Subjects are being asked to be in this research study because they are having spinal fusion surgery, will have pain some of the time and will be getting morphine during and after surgery to help control their pain.
Up to 80 people from Denver will participate in the study. Subjects will be randomized to receive one of two possible medications during surgery to help with pain after surgery. After they go to sleep for surgery the anesthesiologist will give them either (1) a single injection of morphine into the spinal fluid in the lower back, or (2) a single injection of extended-release morphine into the epidural space (just outside the spinal fluid) in the lower back.

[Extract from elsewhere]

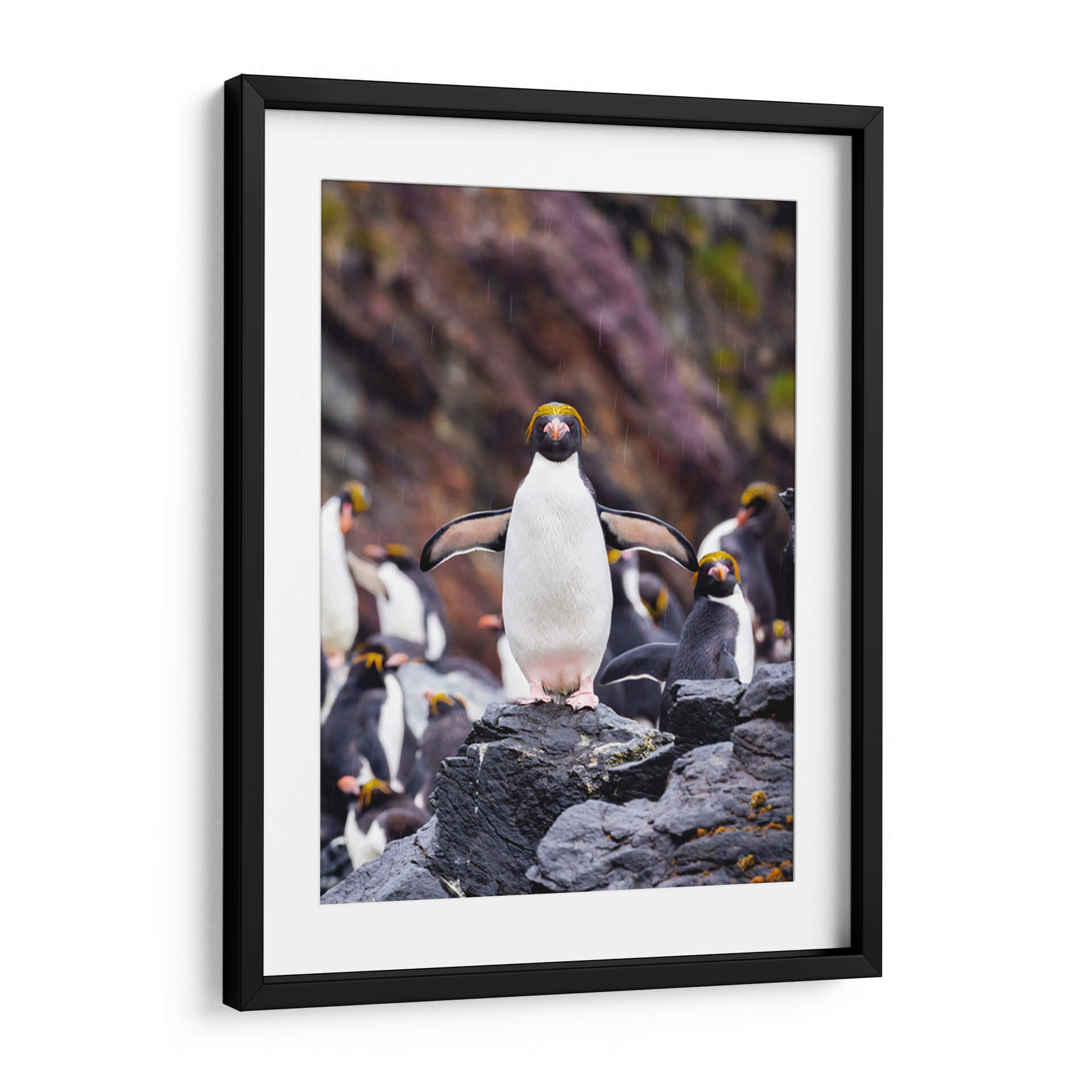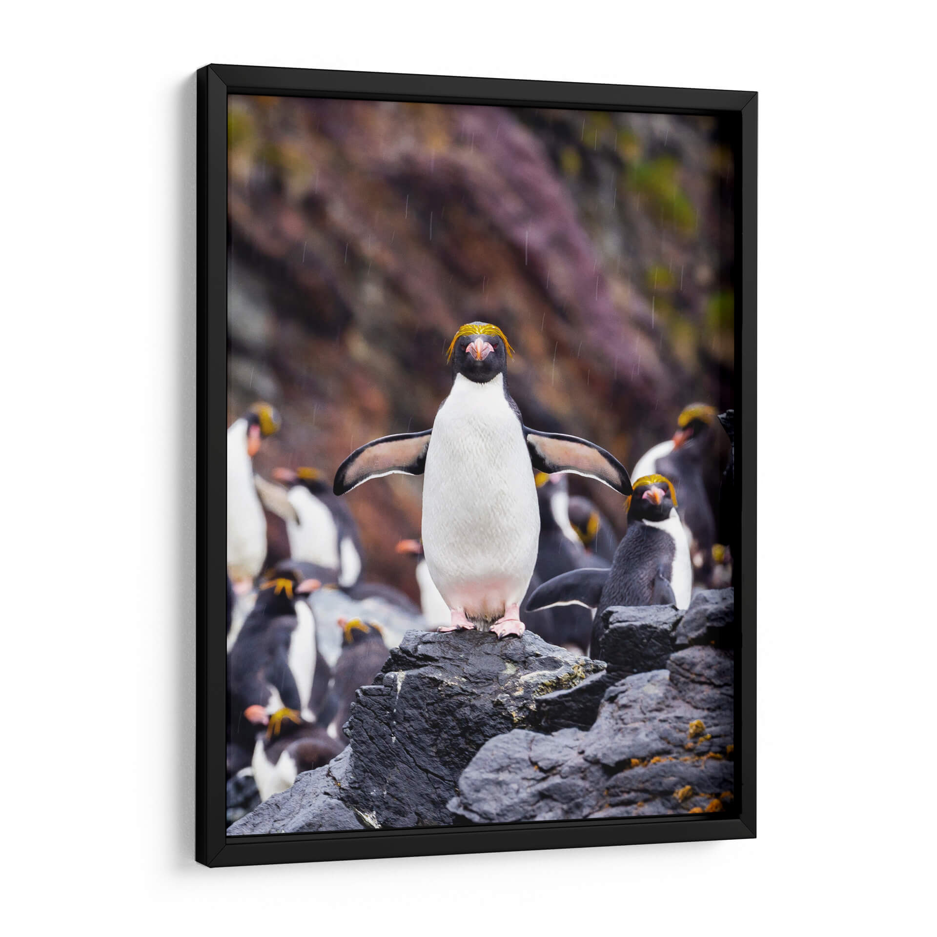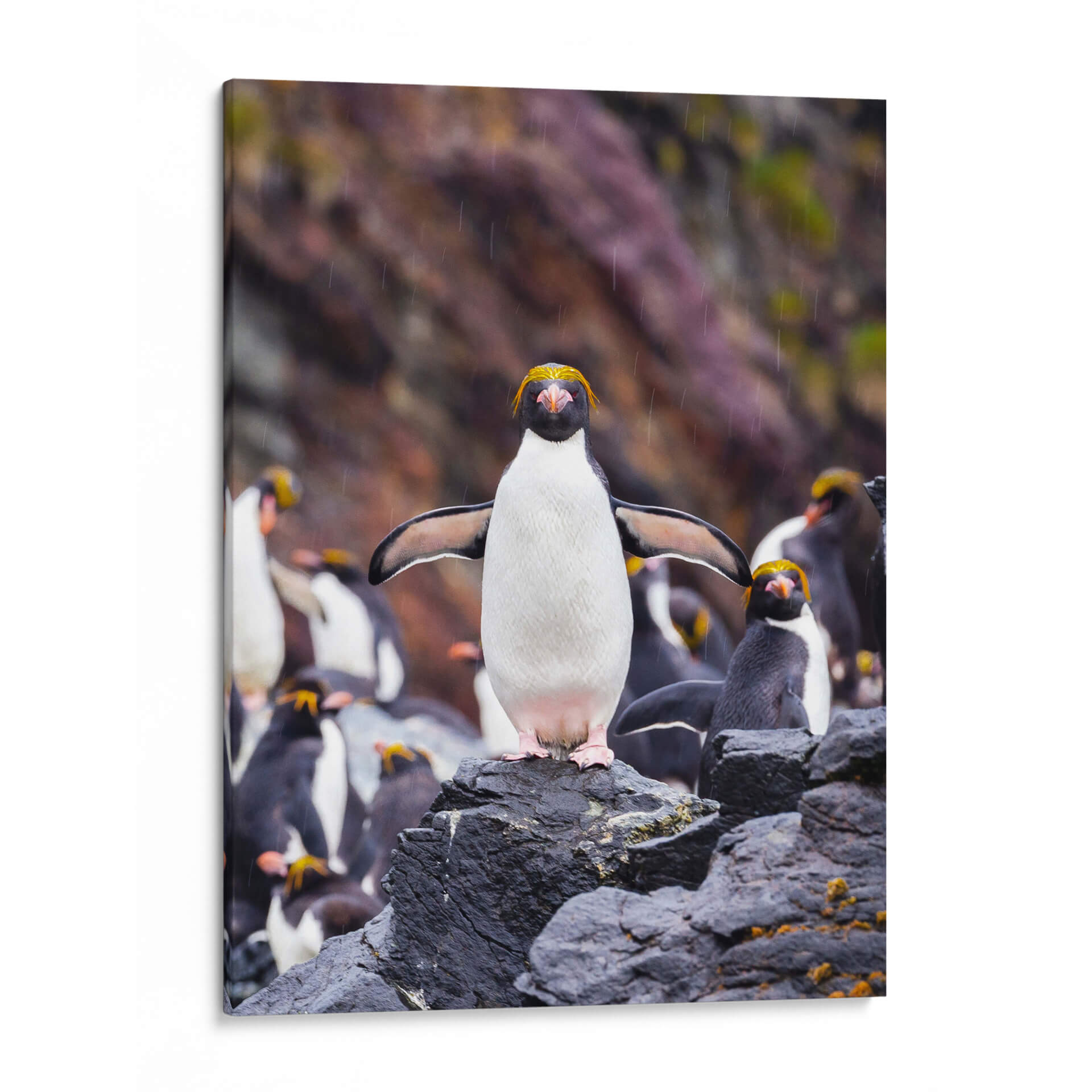 Captura la esencia de la vida silvestre con este cautivador cuadro decorativo que presenta un pingüino en primer plano, con sus brazos extendidos en una pose distintiva. La obra de Carlos Montaño, titulada 'Pingüino Maraconi de frente', sumerge al espectador en un ambiente natural y ligeramente melancólico, acentuado por la sutil presencia de lluvia. Los colores vibrantes del penacho amarillo del pingüino contrastan con los tonos oscuros y terrosos del fondo rocoso y el ambiente lluvioso, creando una imagen de gran impacto visual. Los pingüinos en el fondo, representados con detalle y profundidad, añaden una sensación de comunidad y pertenencia a la escena. Este cuadro es ideal para aquellos que buscan inyectar personalidad y un toque de la naturaleza salvaje a sus espacios, ya sea una sala de estar moderna, un despacho o un dormitorio. Su composición centrada y la mirada directa del pingüino principal generan una conexión inmediata con el observador. Transmite una sensación de audacia y singularidad, perfecto para quienes aprecian la belleza de la fauna y desean una pieza de arte que inspire conversación y refleje un espíritu aventurero. Añade un toque de la majestuosidad del mundo natural a tu decoración con esta impresionante obra.

The usual care for patients having this surgery is a single injection of morphine into the spinal fluid in the lower back. If randomized to group (1), subjects will receive the usual care for pain control. If subjects are randomized to group (2), they will receive a single injection of extended-release morphine into the epidural space.
During surgery, a small blood sample (1 teaspoon or less) will be collected to analyze specific DNA sequences that are involved in individual responses to morphine for pain control. The blood sample will be destroyed after 24 months.
After surgery, subjects will have IV pain medication through a patient-controlled analgesia (PCA) machine. Subjects will be shown how to work the PCA so they can get the pain medicine when they need it. A research nurse will check in frequently to ask how much pain is occurring following the surgery and any side effects that may arise from the study medicine.
Subjects will be in this study up to 60 hours after surgery.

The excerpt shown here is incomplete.